Time Series Analysis & Forecasting

A Gentle Introduction to Time Series Analysis and Forecasting

Definition

A time series is a sequence of observations indexed by time. This means that the observations follows a particular order. The subscript t represents the set of allowed times T:

{xt} with t1 … tn

Time series measures how something changes over time.

Applications of Time Series Analysis

There are three main application areas in time series analysis:

Time series forecasting: The focus is to predict the future values of a time series.
Time series classification: The goal is to predict an action based on past values.
Causality: The aim is to drive inference from the relationships among related time series.

We’ll focus on time series forecasting. Some examples of problems where time series forecasting can help are:

What is the expected sales volume of food groups in different stores in the next three months?
What is the resale value of cars after leasing out for three years?
What is the closing price of a stock each day?
What are passenger numbers for an international airline route?

Types of Time Series

We distinguish between two types of time series:

Regular
Irregular

The observations of regular time series have a regular interval of time. Those intervals could be every minute, every hour, or every month. This means that the time difference between each data point is the same. The observations of irregular time series don’t follow a regular interval of time. In the Airplane Passengers Dataset, the observations occur every month.

Components of Time Series

A time series consists of the following three components:

Long-term movement or trend

A trend is the long-term movement in which time series values are developing during a period. The change can be either:

Upward (increase in level)
Downward (decrease in level)

Short-term movements

There are two types of short-term movements:

Seasonal movements are temporal fluctuations that usually occurs at a specific, regular intervals. Those movements are less than a year. It can occur on different time spans, such as daily, weekly, monthly, or yearly variation. Different social conventions, weather seasons, and climatic conditions are reasons for seasonal variations.
Cyclic movements are recurrent patterns when data exhibits rises and falls.

Random or irregular fluctuations (Residual)

There is a variability that is irregular. These fluctuations are uncontrollable, unpredictable, and erratic. One examples are Bank holidays which can fall on different calendar days each year. Another examples are promotional campaigns which could depend on different business decisions.
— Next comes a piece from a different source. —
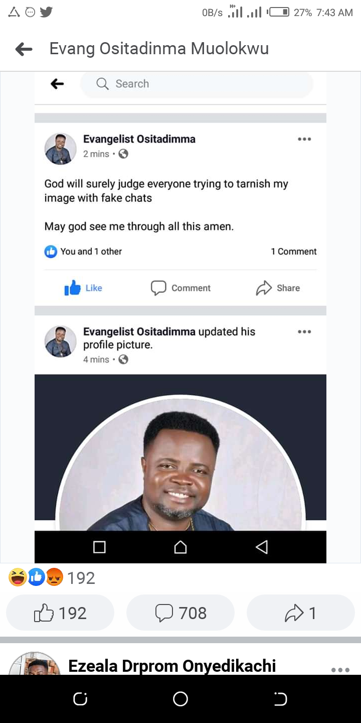 Pastor Osita was revealed yesterday by a Facebook hacker who hacks his Facebook account and reveals most of the chats of the pastor with married women.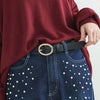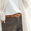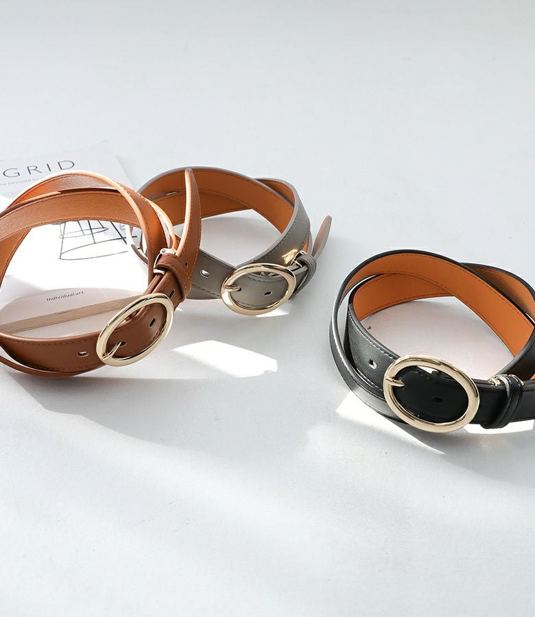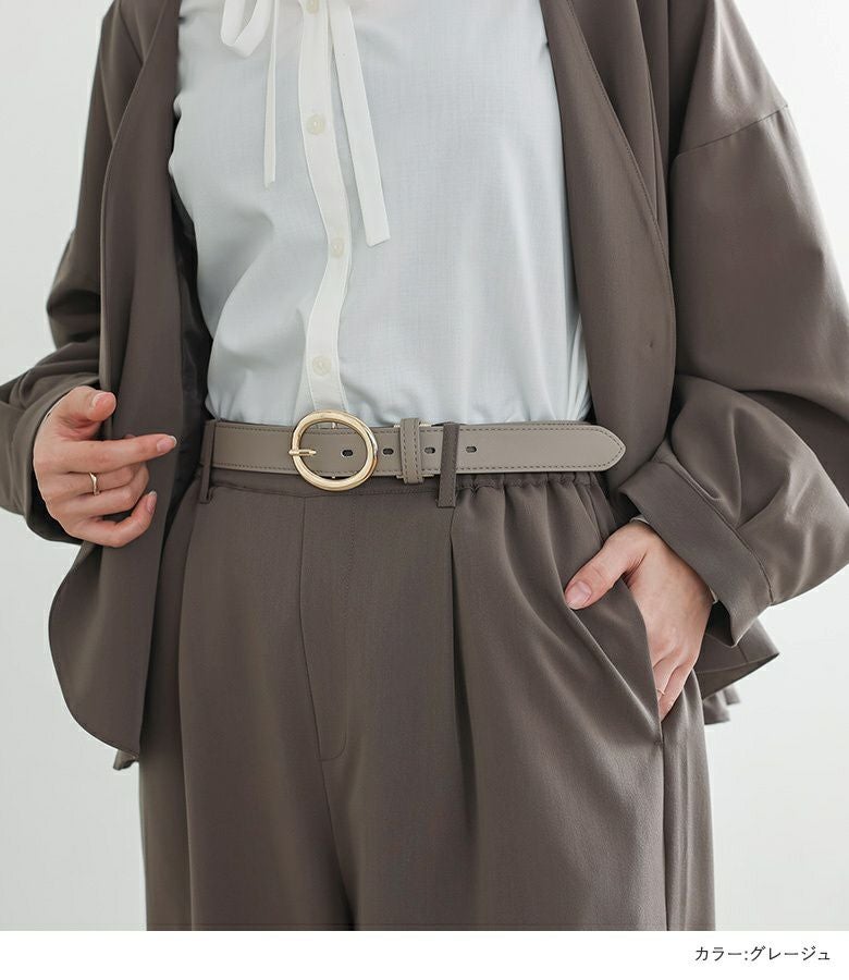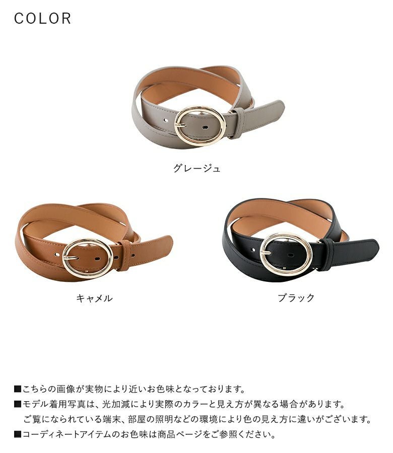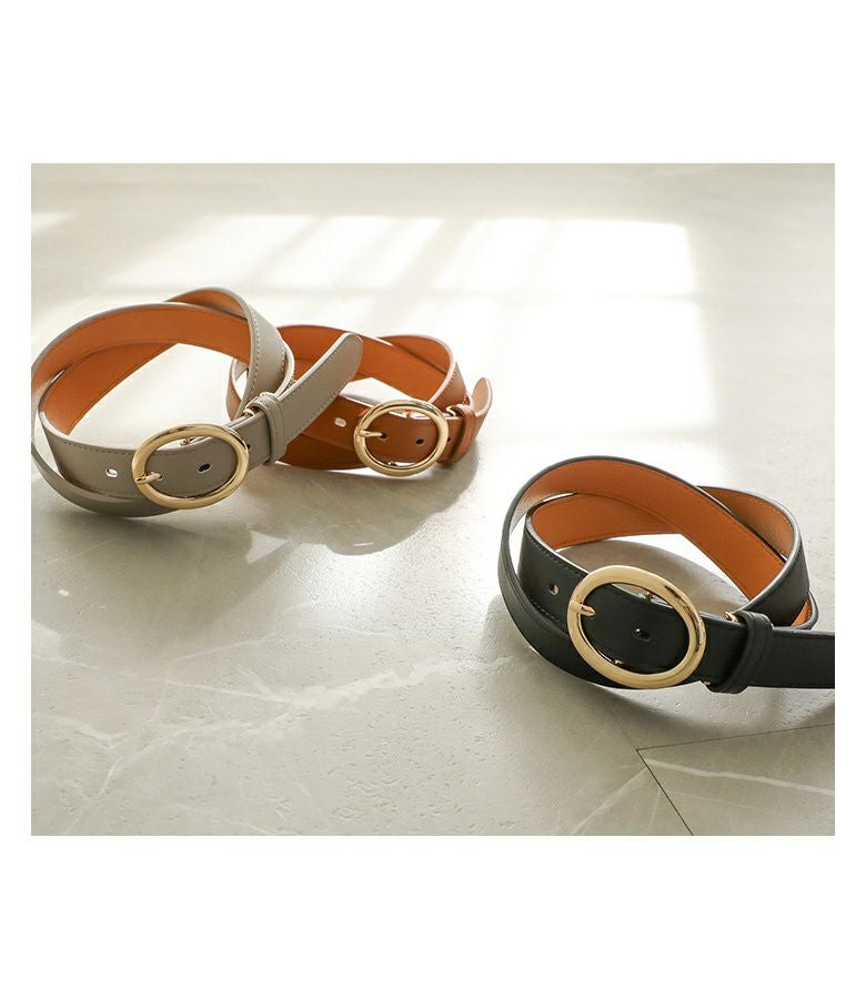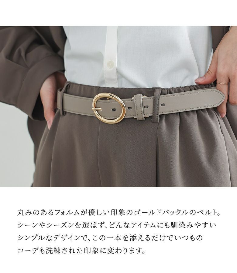 丸みのあるフォルムが優しい印象のゴールドバックルベルト。

The first three components are also known as signals. The last component, random or irregular fluctuations, is also known as noise.

The Airplane Dataset shows a long-term linear (upward) trend with increasing, seasonal variations. But the seasonal fluctuations increase as the time series increases in size.

Representation of time series components

To remove the component effects, we will perform a decomposition process.

Decomposition a Time Series

In this section, we learn how to visualise time series into its components. The seasonal decomposition is the process of deconstructing a time series. The modeling of the decomposed components can be either additive or multiplicative.

Additive Model

We can reconstruct a time series by adding all three components:

Yt = Tt + St + Rt

We’ll choose an additive model if the seasonal components do not change over time.

Multiplicative Model

We can also reconstruct a time series by multiplying all three components:

Yt = Tt * St * Rt

A multiplicative model is suitable when the seasonal variation fluctuates over time.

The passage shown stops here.